* **WHAT THE TASK REQUIRES**:
Print nothing except the lines of the listing below from the line with "名称:福井県営陸上競技場 種類:陸上競技場 収容:16,000人" to the line with "最初のメンズのウィンドウには", each exactly as written, both ends included.

* **THE RECORDS**:
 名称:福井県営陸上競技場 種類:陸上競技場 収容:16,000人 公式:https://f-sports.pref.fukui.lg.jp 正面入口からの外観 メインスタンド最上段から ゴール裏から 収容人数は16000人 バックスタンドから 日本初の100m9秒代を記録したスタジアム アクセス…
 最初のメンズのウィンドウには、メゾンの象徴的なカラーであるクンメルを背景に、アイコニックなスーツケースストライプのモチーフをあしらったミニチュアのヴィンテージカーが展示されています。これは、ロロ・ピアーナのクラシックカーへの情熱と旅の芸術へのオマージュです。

---

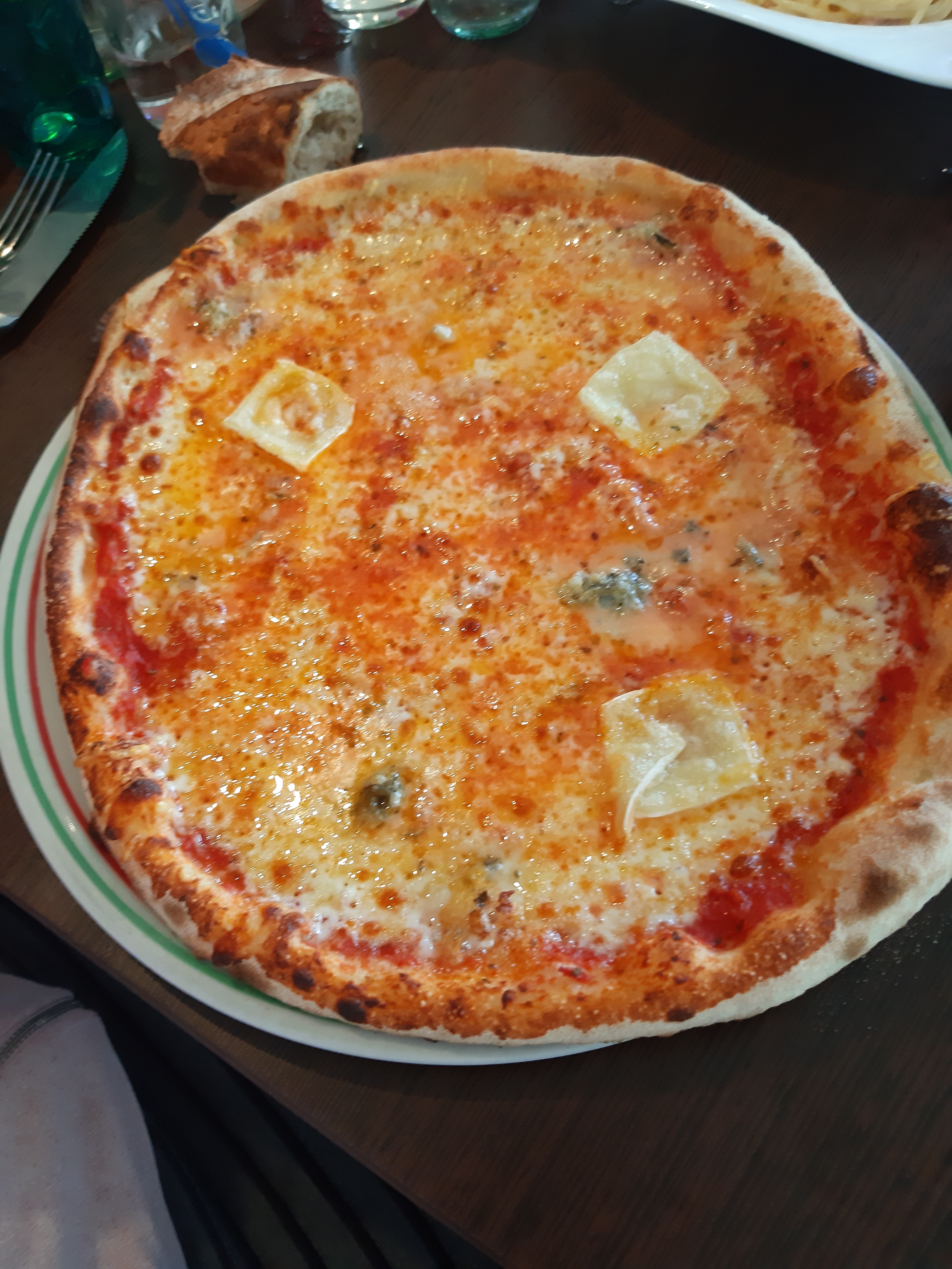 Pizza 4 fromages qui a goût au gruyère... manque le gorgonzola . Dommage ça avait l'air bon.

* **ANSWER**:
 名称:福井県営陸上競技場 種類:陸上競技場 収容:16,000人 公式:https://f-sports.pref.fukui.lg.jp 正面入口からの外観 メインスタンド最上段から ゴール裏から 収容人数は16000人 バックスタンドから 日本初の100m9秒代を記録したスタジアム アクセス…
 最初のメンズのウィンドウには、メゾンの象徴的なカラーであるクンメルを背景に、アイコニックなスーツケースストライプのモチーフをあしらったミニチュアのヴィンテージカーが展示されています。これは、ロロ・ピアーナのクラシックカーへの情熱と旅の芸術へのオマージュです。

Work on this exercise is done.